MATERIAL TO PROCESS:
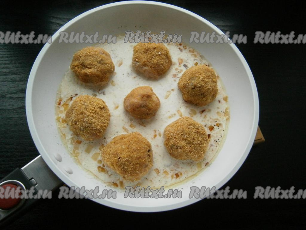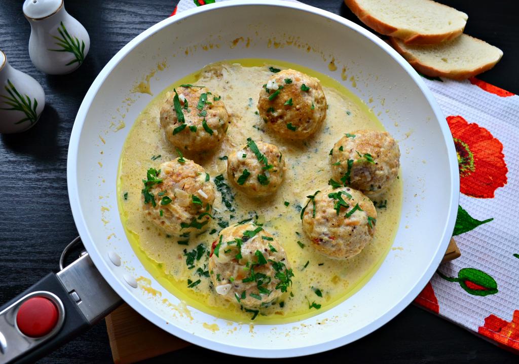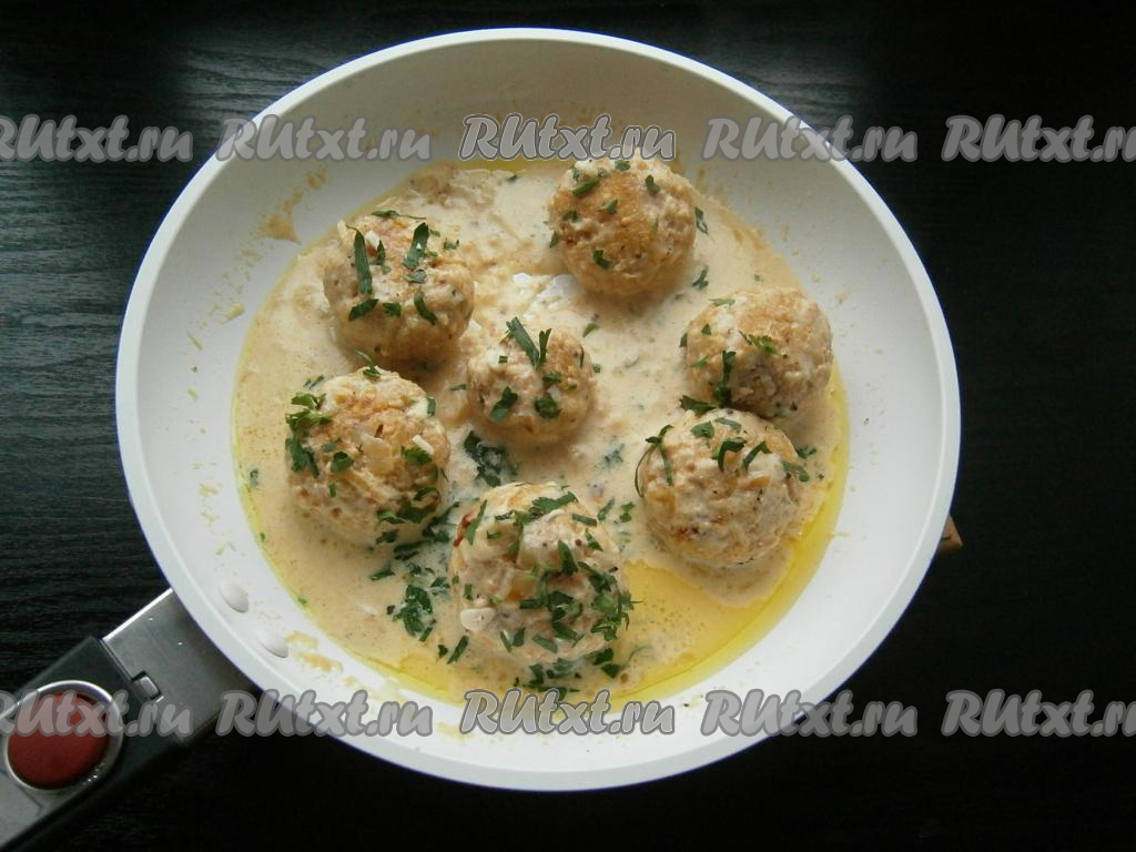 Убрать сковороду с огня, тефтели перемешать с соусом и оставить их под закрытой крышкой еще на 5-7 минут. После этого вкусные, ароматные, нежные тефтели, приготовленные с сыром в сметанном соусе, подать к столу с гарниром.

...

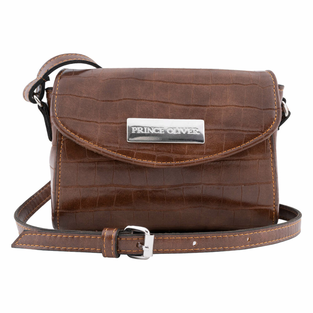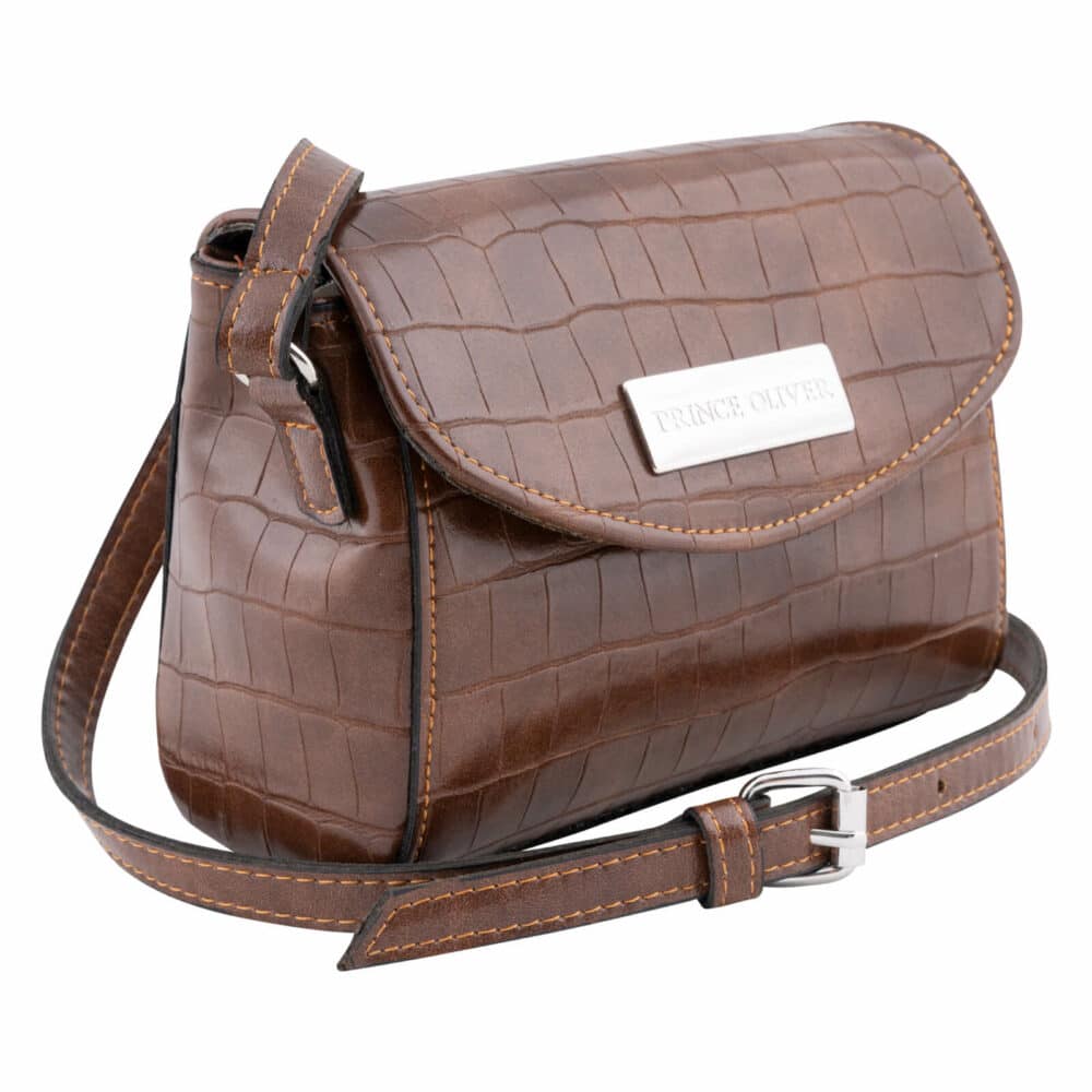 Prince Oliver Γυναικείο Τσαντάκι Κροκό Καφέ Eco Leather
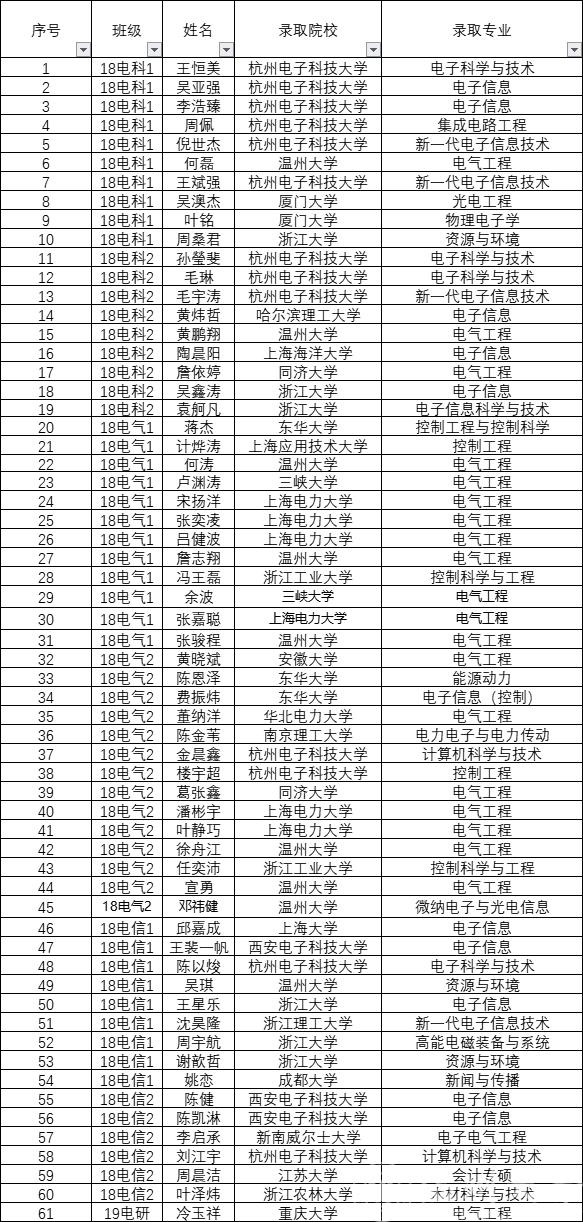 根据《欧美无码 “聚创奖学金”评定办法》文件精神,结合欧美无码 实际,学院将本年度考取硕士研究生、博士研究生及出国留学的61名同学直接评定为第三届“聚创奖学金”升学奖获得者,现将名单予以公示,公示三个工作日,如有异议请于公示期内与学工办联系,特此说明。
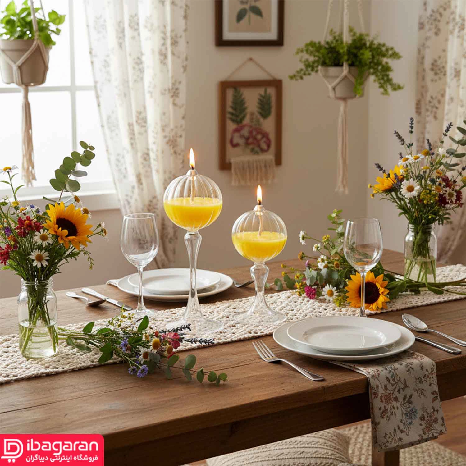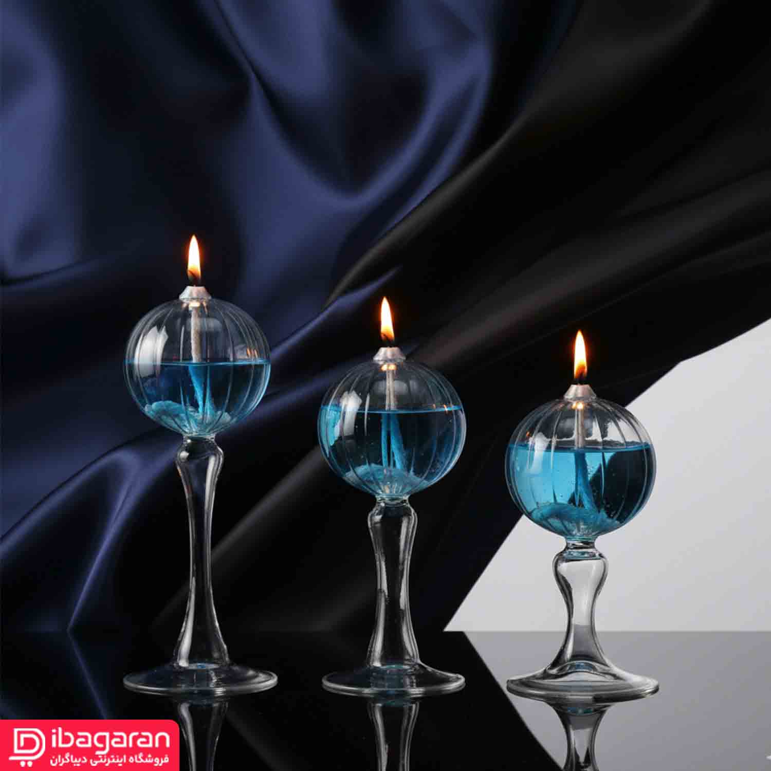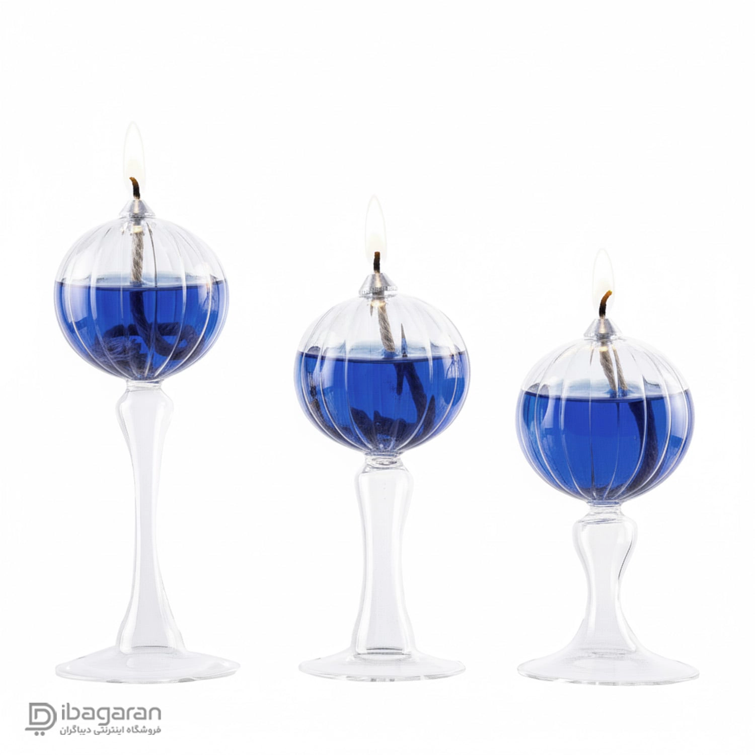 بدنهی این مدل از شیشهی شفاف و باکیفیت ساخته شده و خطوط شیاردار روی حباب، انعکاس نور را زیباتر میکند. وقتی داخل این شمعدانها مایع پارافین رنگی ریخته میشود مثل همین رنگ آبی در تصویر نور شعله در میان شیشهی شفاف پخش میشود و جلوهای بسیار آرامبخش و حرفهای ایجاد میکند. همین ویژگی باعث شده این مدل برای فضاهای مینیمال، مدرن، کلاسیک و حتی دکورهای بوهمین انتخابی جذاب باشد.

YOUR OBJECTIVE: Go to the line above that contains "Prince Oliver Γυναικείο" and reproduce everything exactly from there through the line that contains "بدنهی این مدل", leaving out the pictures.

SOLVED PROBLEM:
 Prince Oliver Γυναικείο Τσαντάκι Κροκό Καφέ Eco Leather
 根据《欧美无码 “聚创奖学金”评定办法》文件精神,结合欧美无码 实际,学院将本年度考取硕士研究生、博士研究生及出国留学的61名同学直接评定为第三届“聚创奖学金”升学奖获得者,现将名单予以公示,公示三个工作日,如有异议请于公示期内与学工办联系,特此说明。
 بدنهی این مدل از شیشهی شفاف و باکیفیت ساخته شده و خطوط شیاردار روی حباب، انعکاس نور را زیباتر میکند. وقتی داخل این شمعدانها مایع پارافین رنگی ریخته میشود مثل همین رنگ آبی در تصویر نور شعله در میان شیشهی شفاف پخش میشود و جلوهای بسیار آرامبخش و حرفهای ایجاد میکند. همین ویژگی باعث شده این مدل برای فضاهای مینیمال، مدرن، کلاسیک و حتی دکورهای بوهمین انتخابی جذاب باشد.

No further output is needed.